====== Data listing ======

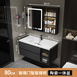 80cm アイアングレーガラスドアスマートミラーキャビネット一体型セラミック洗面器
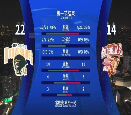 体育资讯3月14日报道宣称 CBA常规赛,浙江首节14-22落后于同曦。
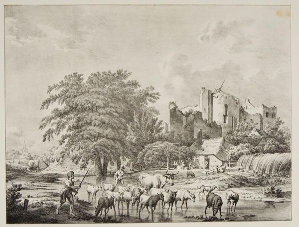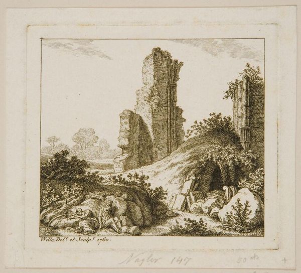 Curator: Mechau’s etching, "Avanzi dell'aqua Marzia, Claudia, e dell'Aniene vecchio," presents us with the ruins of ancient aqueducts. What strikes you immediately about this image? Editor: A haunting stillness. The crumbling aqueducts loom, yet the figures in the foreground seem almost oblivious, caught in their own quiet dramas. Curator: Indeed, the contrast is quite stark. Notice how the linear precision and controlled tonality establish a clear spatial hierarchy and evoke a sense of melancholic grandeur. Editor: Absolutely. It is like the memory of an empire, etched in light and shadow. The aqueducts, once vital arteries, are now just skeletal remains. It gives you pause, doesn’t it? Curator: Precisely. Mechau invites us to contemplate time, decay, and the enduring power of structural form. Editor: Yes, a potent reminder of our own ephemeral existence against the backdrop of history's silent witnesses.
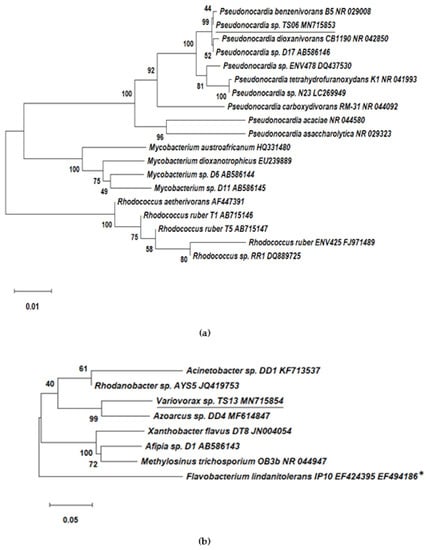 Neighbor-joining phylogenetic tree of (a) Pseudonocardia sp. TS06 (underlined) with previously reported gram-positive 1,4-dioxane-degraders and (b) Variovorax sp. TS13 (underlined), with previously identified gram-negative 1,4-dioxane-degraders. The bootstrap values were based on 1000 replications. * The Flavobacterium lindanitolerans IP10 was not a dioxane-degrader but was used in the analysis since it was 99% similar to 1,4-dioxane-degrader Flavobacterium [].
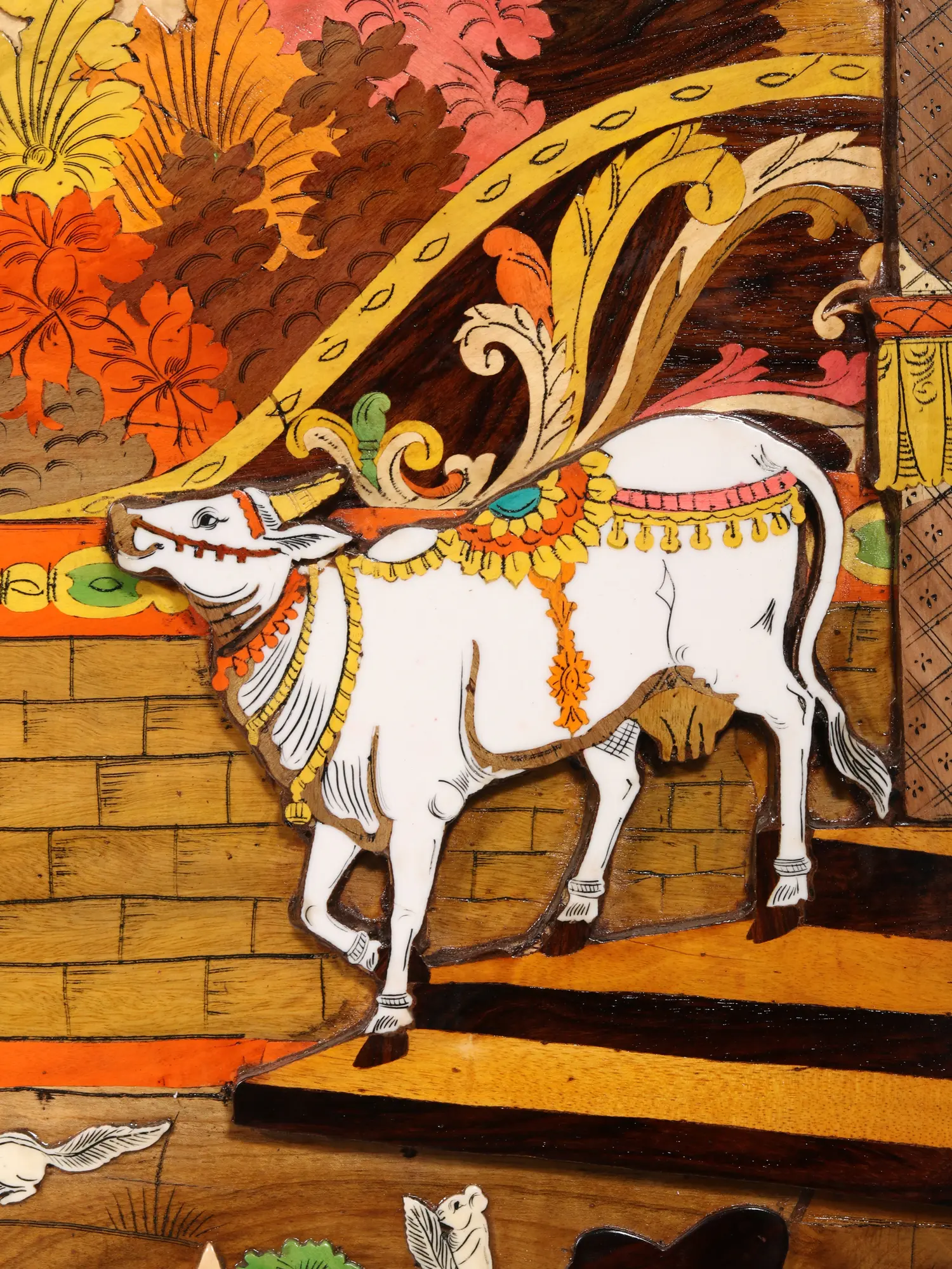 This artwork exemplifies the exquisite artistry of Mysore's traditional wooden inlay technique. Generations of artisans have perfected this craft, skillfully embedding pieces of colored wood into a base to create breathtakingly detailed images. Each piece is meticulously selected and placed, revealing a level of precision and patience rarely seen in contemporary art forms. The vibrant colors used are all natural, and the wood itself adds a warm and organic quality to the piece. Owning this artwork is not just acquiring a decorative object, it's acquiring a piece of living history, a testament to a skill that has been passed down through countless generations.
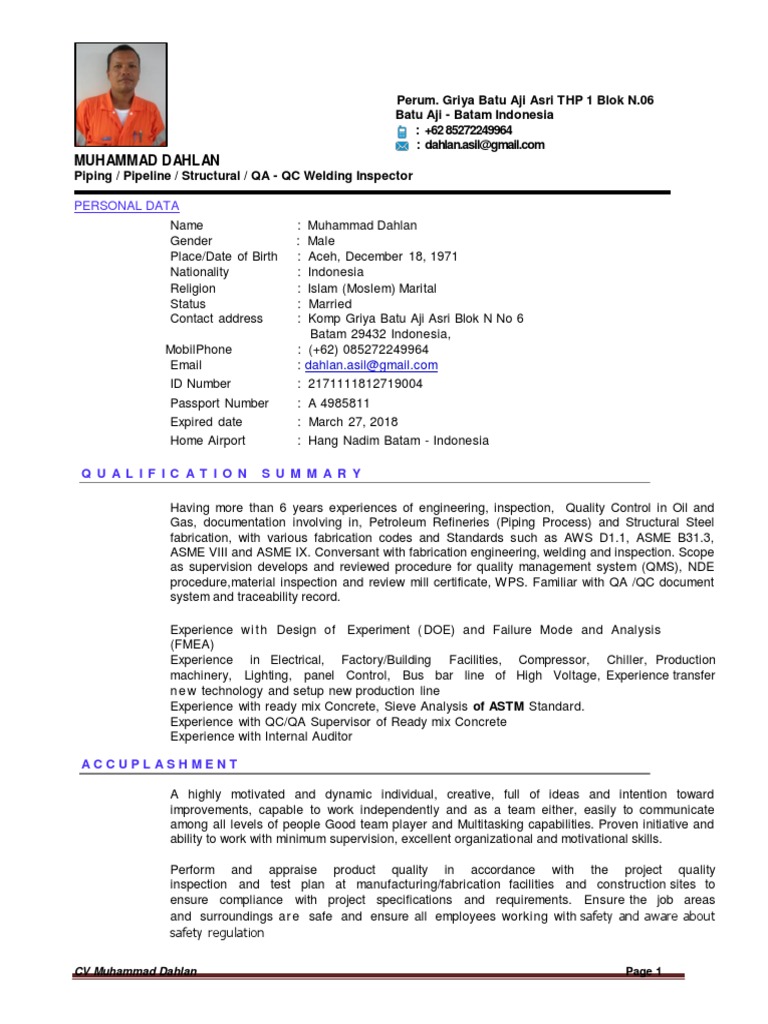 Curriculum Vitae Qa Qc | Contoh Dokumen
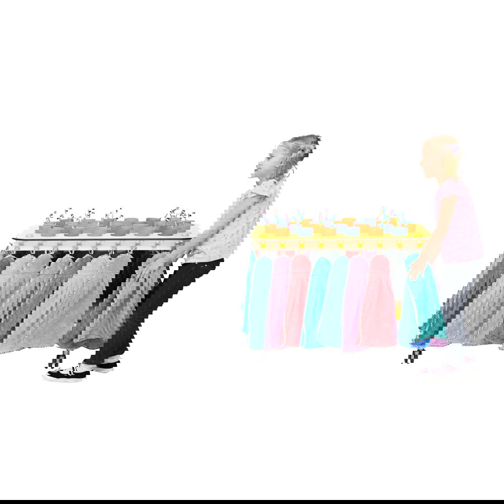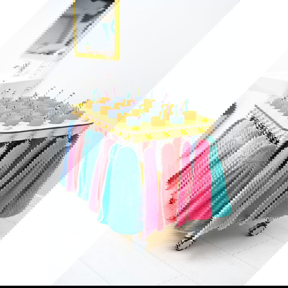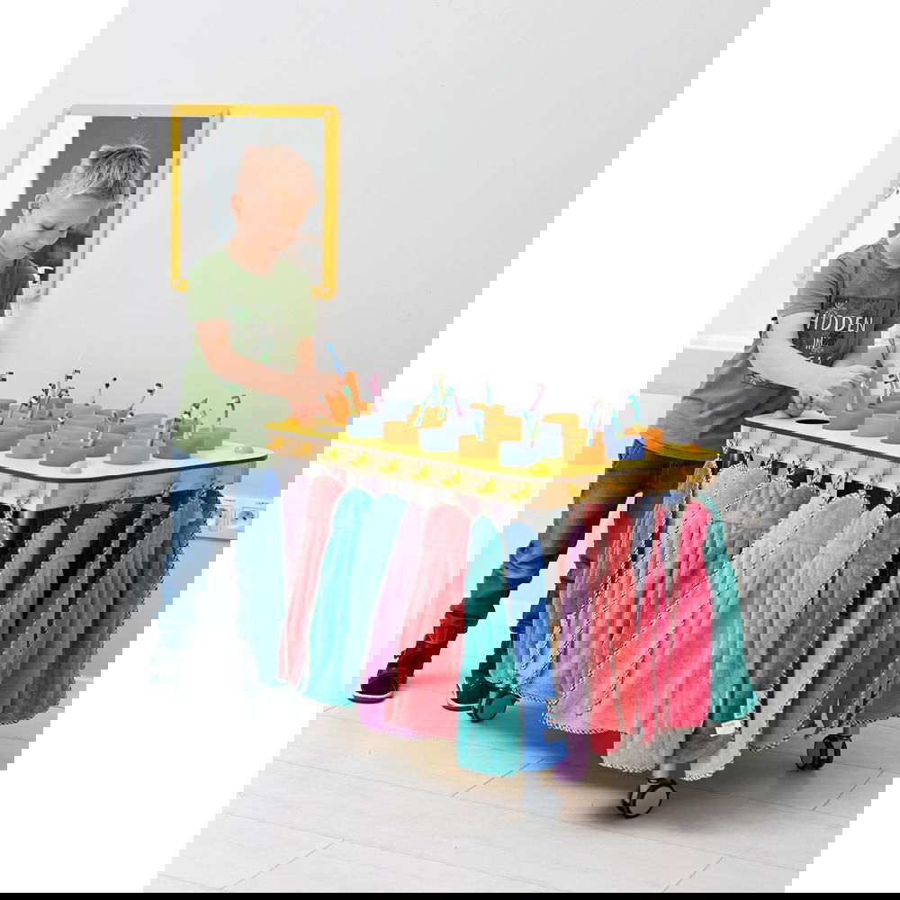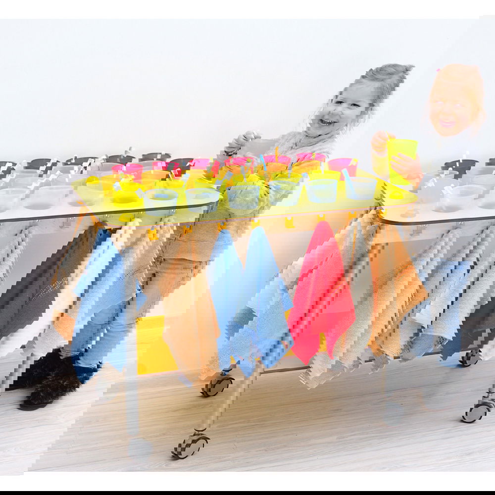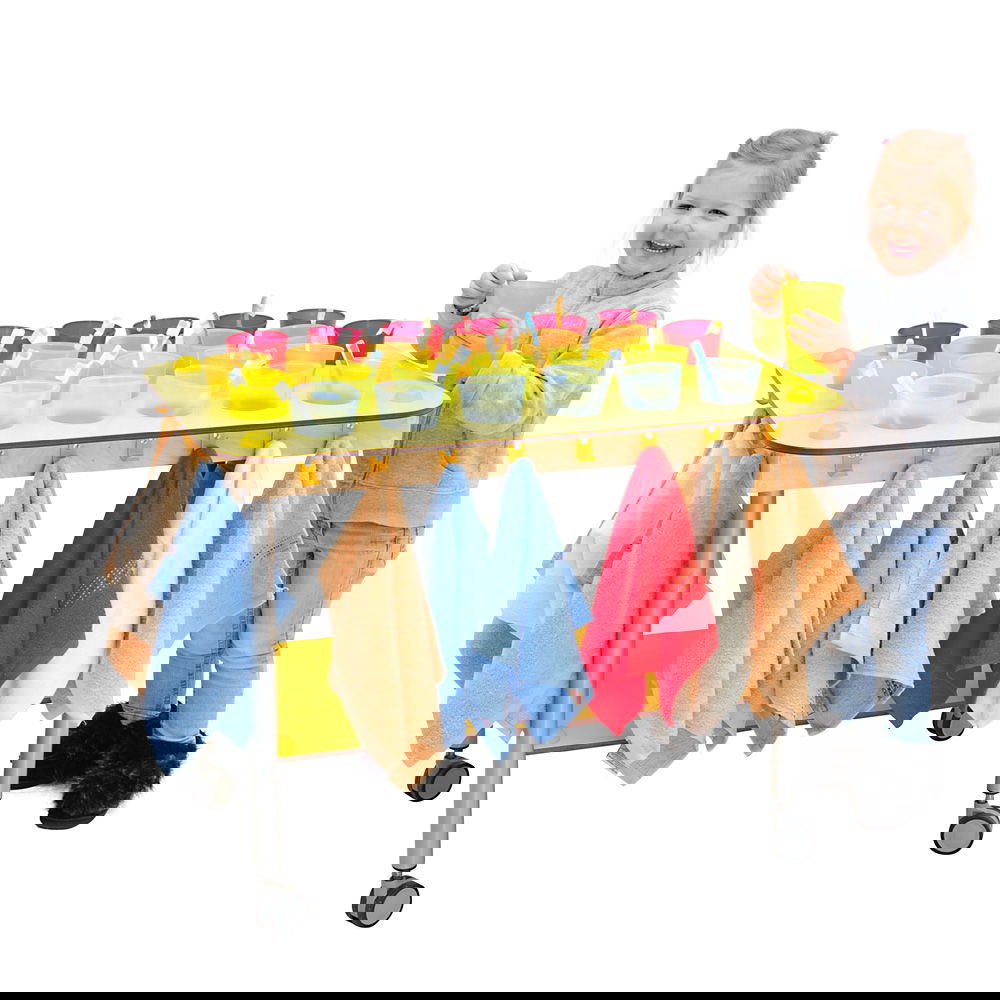 Dieser Wagen wurde speziell für größere Gruppen konzipiert und überzeugt durch seine robuste Bauweise und absolute Wasserfestigkeit. Gefertigt aus widerstandsfähigem HPL-Material, trotzt er täglichem Spritzwasser und feuchten Handtüchern mühelos. Dank seiner vier feststellbaren Rollen lässt er sich flexibel bewegen: Rollen Sie ihn zur „Zahnputzzeit“ in die Mitte des Geschehens und parken Sie ihn anschließend platzsparend an der Wand. Erhältlich in den Varianten Gelb und Grau, bringt er entweder fröhliche Farbe oder zeitlose Eleganz in Ihre Einrichtung.

======

### Task objective
For this exercise, return exactly the lines above from the line with "体育资讯3月14日报道宣称 CBA常规赛,浙江首节14-22落后于同曦。" through the line with "history's silent witnesses.", both included. Do not copy the pictures.

### Response
 体育资讯3月14日报道宣称 CBA常规赛,浙江首节14-22落后于同曦。
 Curator: Mechau’s etching, "Avanzi dell'aqua Marzia, Claudia, e dell'Aniene vecchio," presents us with the ruins of ancient aqueducts. What strikes you immediately about this image? Editor: A haunting stillness. The crumbling aqueducts loom, yet the figures in the foreground seem almost oblivious, caught in their own quiet dramas. Curator: Indeed, the contrast is quite stark. Notice how the linear precision and controlled tonality establish a clear spatial hierarchy and evoke a sense of melancholic grandeur. Editor: Absolutely. It is like the memory of an empire, etched in light and shadow. The aqueducts, once vital arteries, are now just skeletal remains. It gives you pause, doesn’t it? Curator: Precisely. Mechau invites us to contemplate time, decay, and the enduring power of structural form. Editor: Yes, a potent reminder of our own ephemeral existence against the backdrop of history's silent witnesses.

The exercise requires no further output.